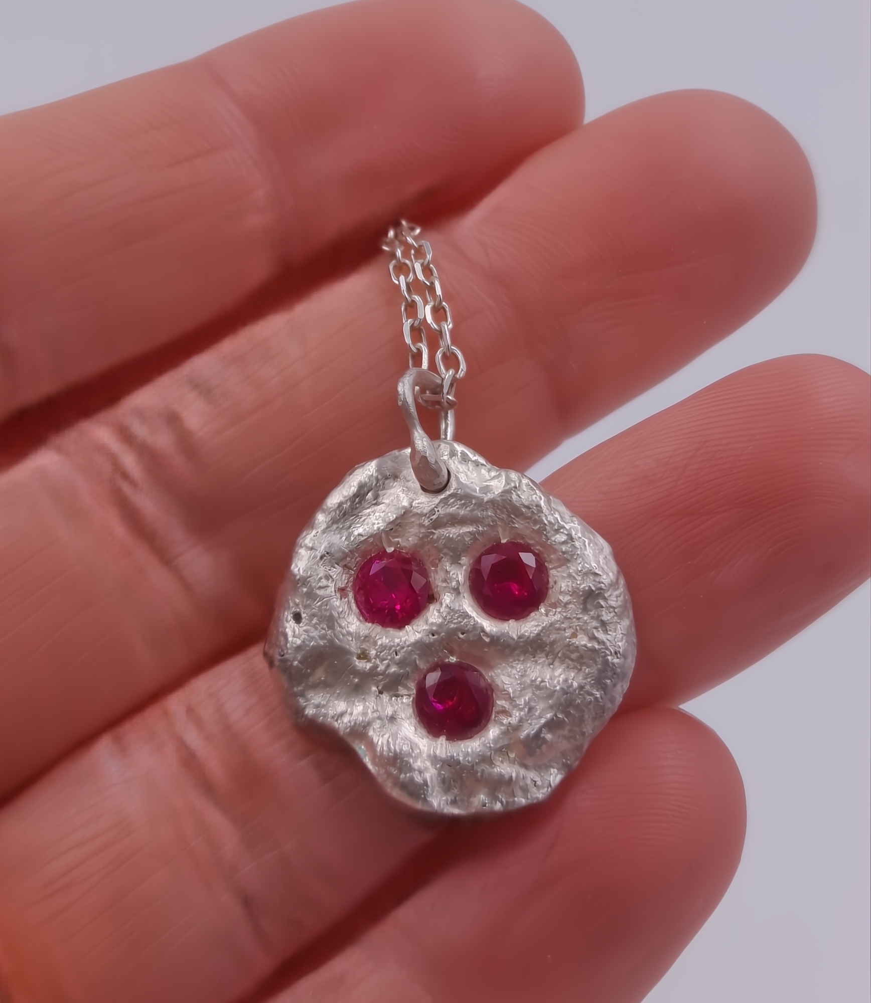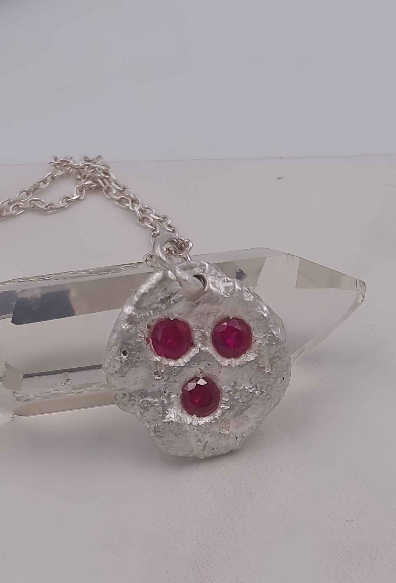 Nestled within the silver’s fluid embrace are three vibrant synthetic ruby gemstones. Their deep crimson hues adding a touch of passion and elegance to the piece. Suspended from a delicate yet durable sterling silver chain, this pendant is perfect for those who appreciate artisan craftsmanship and timeless beauty.
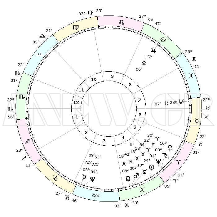 | | ΘΕΣΕΙΣ ΠΛΑΝΗΤΩΝ ΑΣΤΡΟΛΟΓΙΚΟΥ ΧΑΡΤΗ ΤΗΣ ΣΤΙΓΜΗΣ ΑΥΤΗΣ | | | | Πλανήτης | Ζώδιο | Μοίρες | Δεκαήμ. | Σε οίκο | Απόκλιση | | Ακμές των οίκων | | Ηλιος | Ιχθείς | 24°15' | Τρίτο | 5 | 02 S 17 | | 1ος | 05°26' | Σκορπιός | | Σελήνη | Υδροχόος | 02°23' | Πρώτο | 3 | 22 S 41 | | 2ος | 04°12' | Τοξότης | | Ερμής | Ιχθείς | 10°21'R | Δεύτερο | 4 | 05 S 25 | | 3ος | 06°37' | Αιγόκερως | | Αφροδίτη | Κριός | 10°25' | Δεύτερο | 5 | 03 N 09 | | 4ος | 11°12' | Υδροχόος | | Αρης | Ιχθείς | 09°39' | Πρώτο | 4 | 08 S 57 | | 5ος | 14°01' | Ιχθείς | | Δίας | Καρκίνος | 15°06' | Δεύτερο | 9 | 22 N 56 | | 6ος | 12°09' | Κριός | | Κρόνος | Κριός | 03°31' | Πρώτο | 5 | 00 S 33 | | 7ος | 05°26' | Ταύρος | | Ουρανός | Ταύρος | 28°06' | Τρίτο | 7 | 19 N 34 | | 8ος | 04°12' | Δίδυμοι | | Ποσειδώνας | Κριός | 01°34' | Πρώτο | 5 | 00 S 35 | | 9ος | 06°37' | Καρκίνος | | Πλούτωνας | Υδροχόος | 04°53' | Πρώτο | 3 | 22 S 49 | | 10ος | 11°12' | Λέων | | Β. Δεσμός | Ιχθείς | 08°19' | Πρώτο | 4 | 08 S 27 | | 11ος | 14°01' | Παρθένος | | Ωροσκόπος | Σκορπιός | 05°26' | Πρώτο | | | 12ος | 12°09' | Ζυγός | | Μεσουράνημα | Λέων | 11°12' | Δεύτερο | | | |
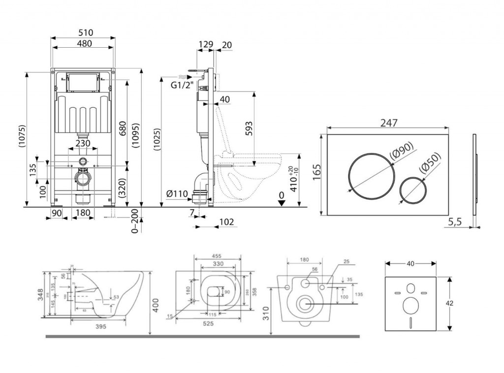 - Fixační set pro uchycení WC mísy: závitová tyč M12 – 2 ks, podložky – 4 ks, krytka – 2 ks, matice – 2 ks, chránička závitu – 2 ks
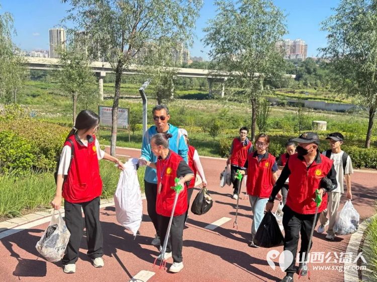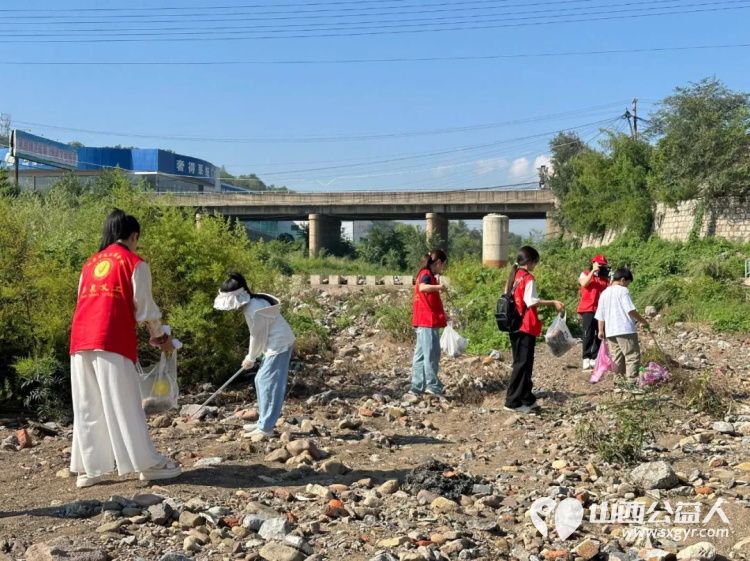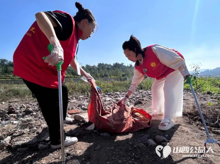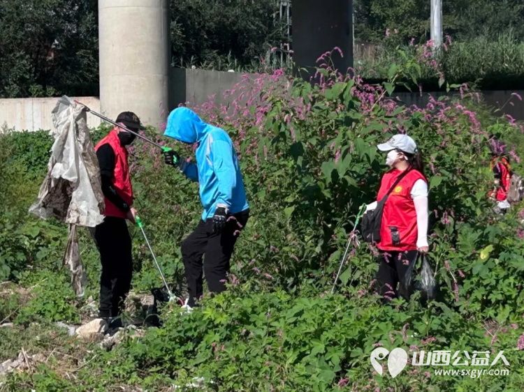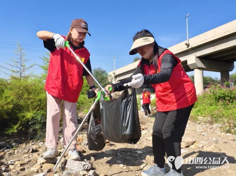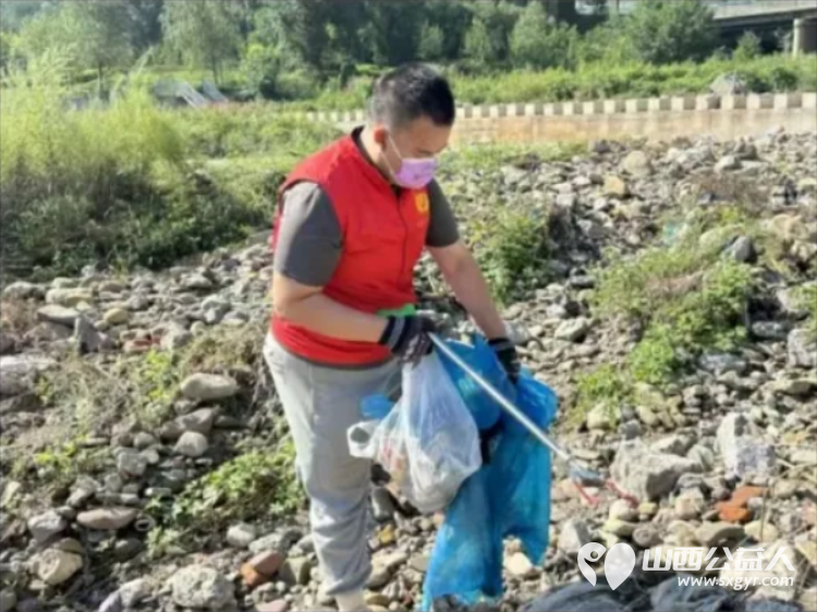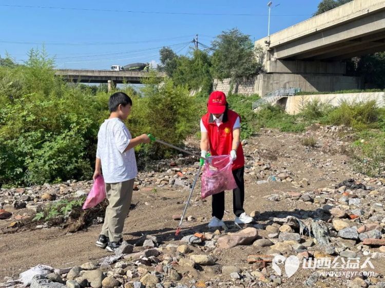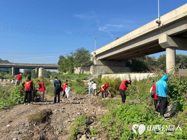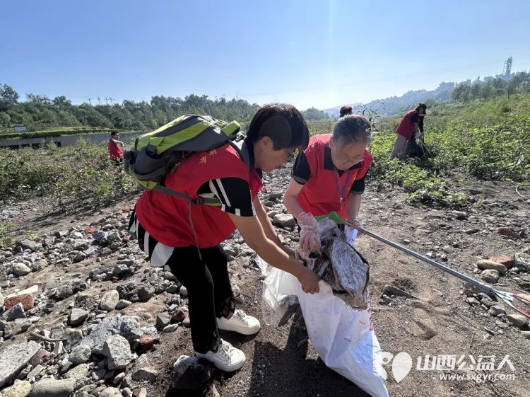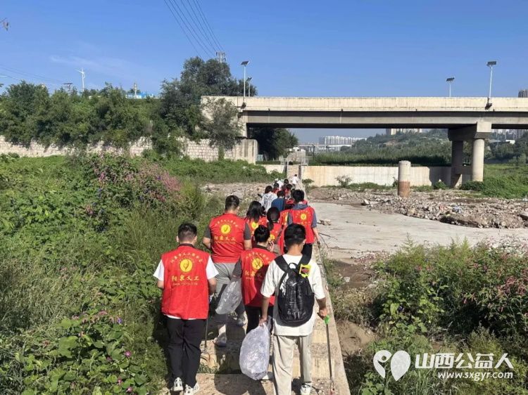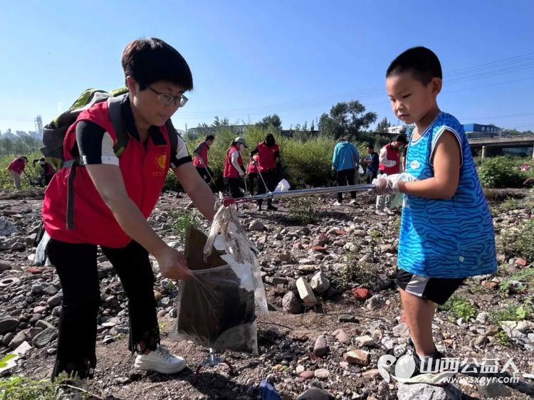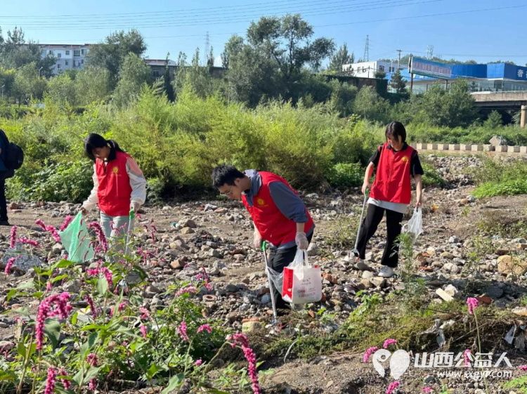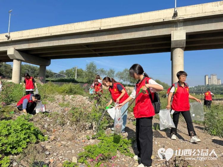 保护母亲河 阳泉市义工联合会组织义工巡河净滩活动在白羊墅湿地公园开展
- - -
[To do] Beginning with the line where "- Fixační set" appears, restate word for word every line down to the last one in the data, but keep the pictures out.

[Exercise output]
 - Fixační set pro uchycení WC mísy: závitová tyč M12 – 2 ks, podložky – 4 ks, krytka – 2 ks, matice – 2 ks, chránička závitu – 2 ks
 保护母亲河 阳泉市义工联合会组织义工巡河净滩活动在白羊墅湿地公园开展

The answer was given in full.